Editor’s note: Find out more about multiple sclerosis here.
When I was diagnosed with multiple sclerosis in 2004, I thought my life was over. Hubs and I hadn’t been married long, and we didn’t have any babies yet. All I could think was that I would soon be crippled, shriveled, a burden. When I sobbed out the news to my dad, he was pragmatic as always.
“Well, at least it’s not cancer, Melanie. That stuff can kill you.”

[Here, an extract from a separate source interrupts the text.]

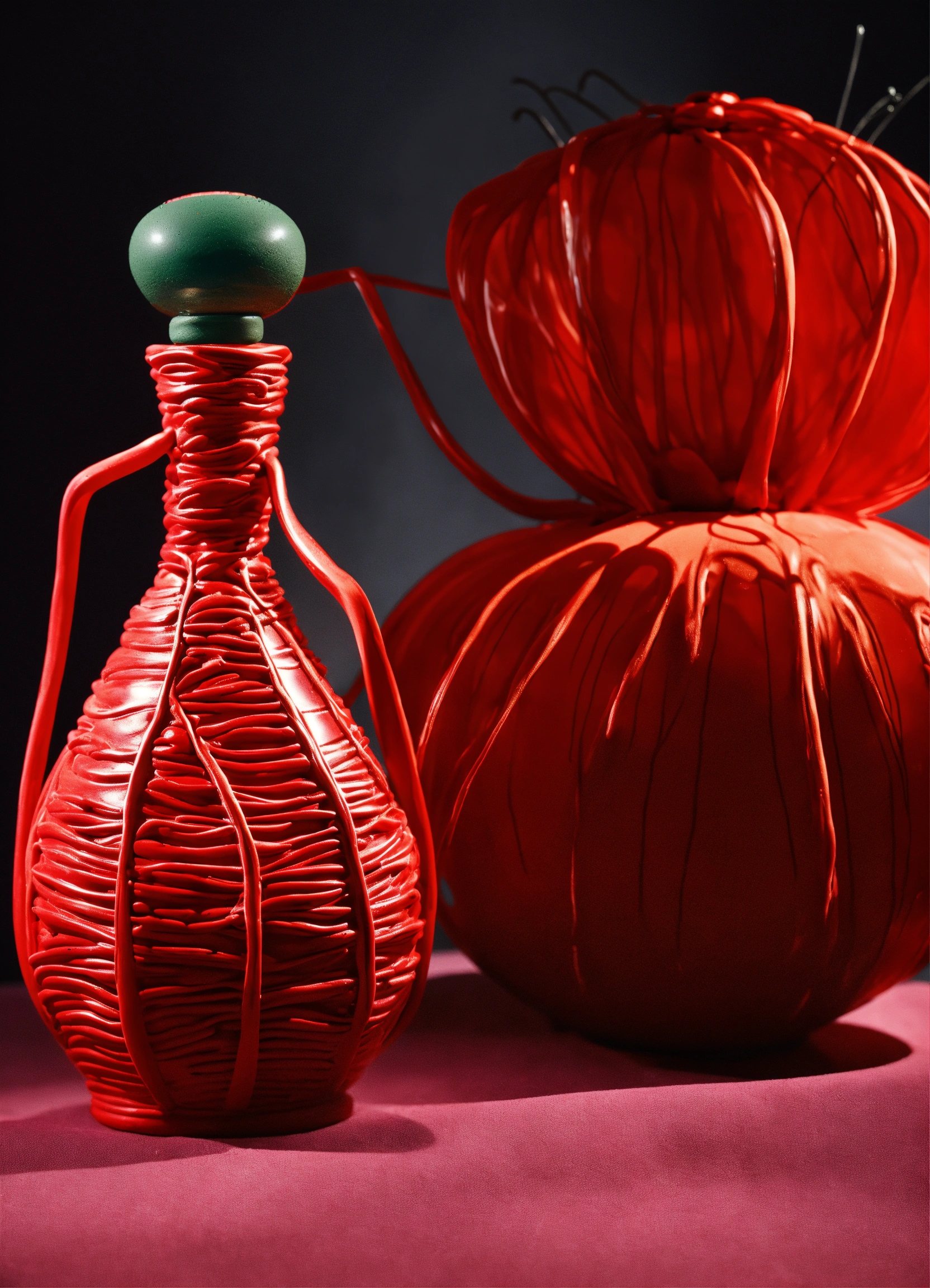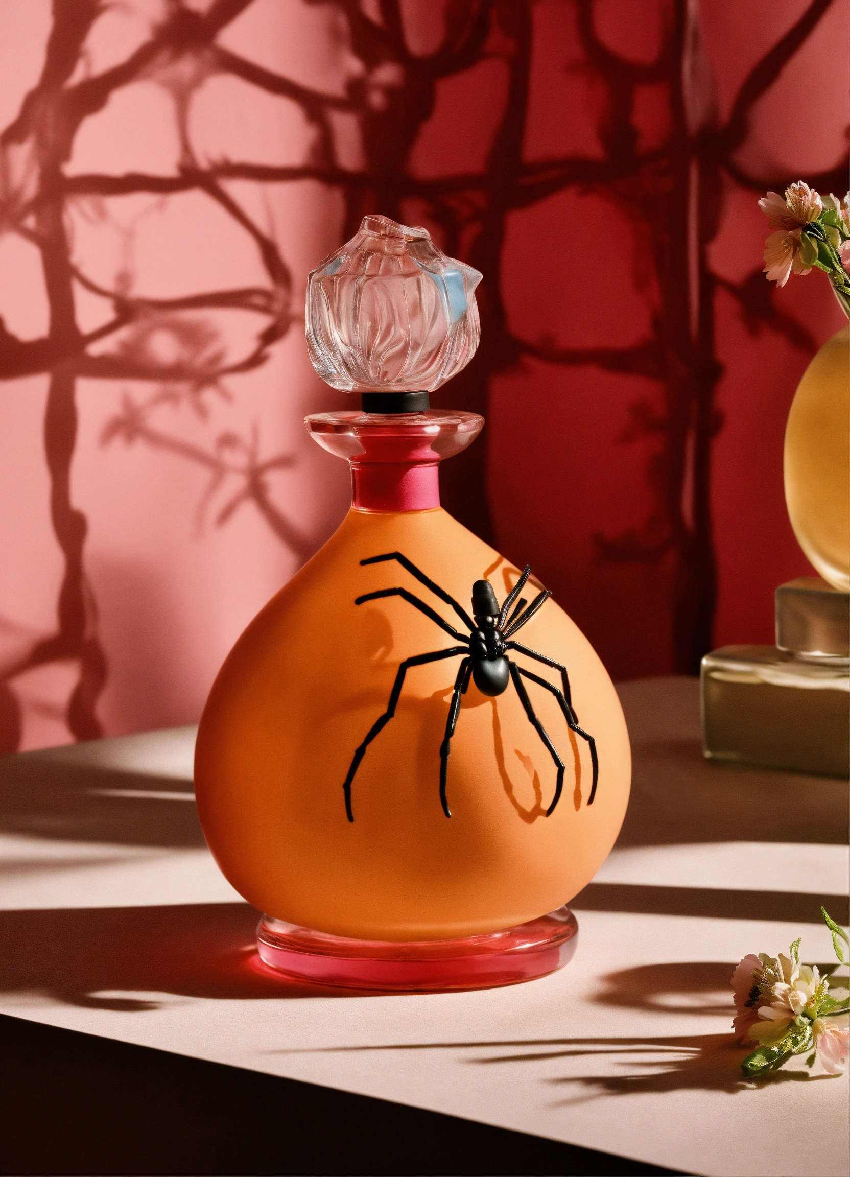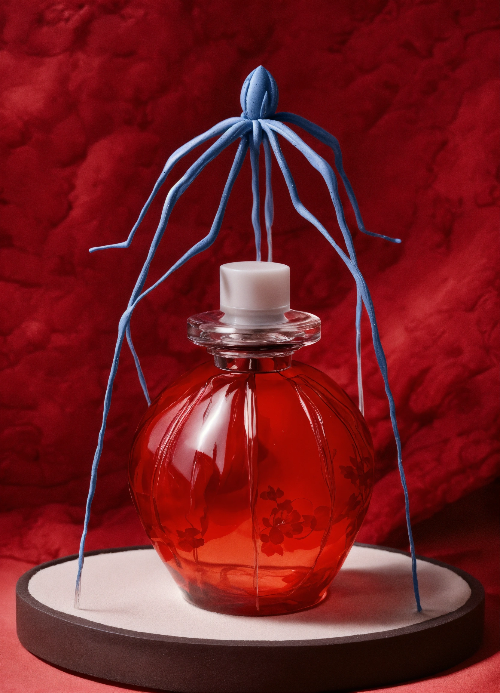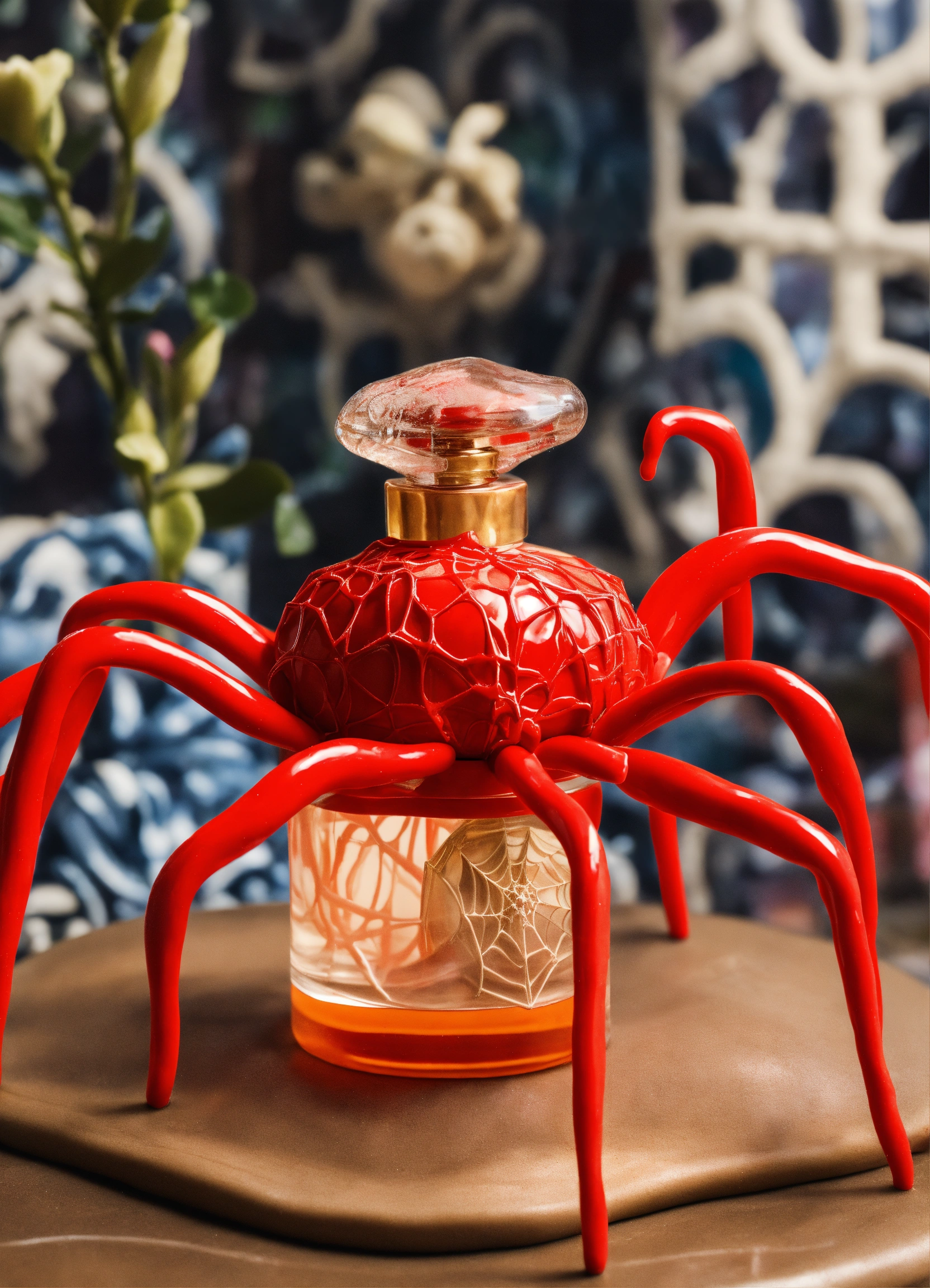 Hand-made modeling clay work. floral-inspired scent bottle, louise bourgeois, her sculpture called "maman" representing a huge spider combined with perfume bottle, gallery art exposition, close up view on fragrance bottles, louise bourgeois the 90s virtual artist universe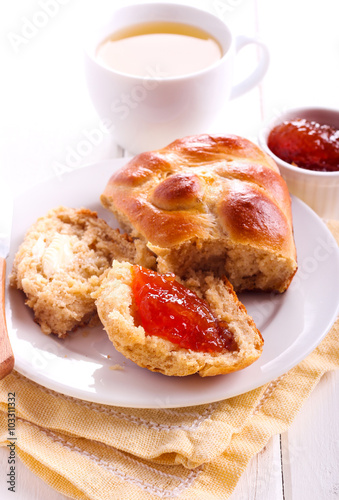 baked, bread, breakfast, brunch, bun, butter, drink, healthy, homemade, jam, marmalade, pastry, snack, tea, treat, wheaten, wheaten

I started taking Tysabri by IV infusion five years ago and have not had a single relapse since I started. No new lesions in my brain or on my spine. With the exception of the fatigue, most of the time I can forget I even have the stupid disease. For me, the benefits of taking Tysabri have greatly outweighed the risks.
Call me crazy, but I always look forward to the days I spend at Allison Cancer Center getting my meds. Kicked back in my leather recliner, listening to the gentle snores around the room and the hums and beeps and clicks of the IV pumps, these are hours I really enjoy. I can work on my laptop, watch a movie, shop online, listen to music, visit — and my favorite — read. Mostly uninterrupted. No bottles, no diapers, no phones, no cartoons, no fighting over Spider-Man, no hiding in the bathroom to finish a crucial chapter. It is literally my “me time.”
And a lot of the people here are really great, too. Fabulous nurses, doctors, cookie-wielding volunteers. Every person has a story. There is sadness and strength and faith and laughter in this room. Everyone doing what they have to do to see another day. Mr. F had a stem cell replacement to fight his cancer, and he proudly shows off his peach fuzzy scalp. “I have been reborn. I am literally a brand new man.”
Mr. Handsome, whose wife left him. The gracious Ms. N, whose faith in God has only grown stronger.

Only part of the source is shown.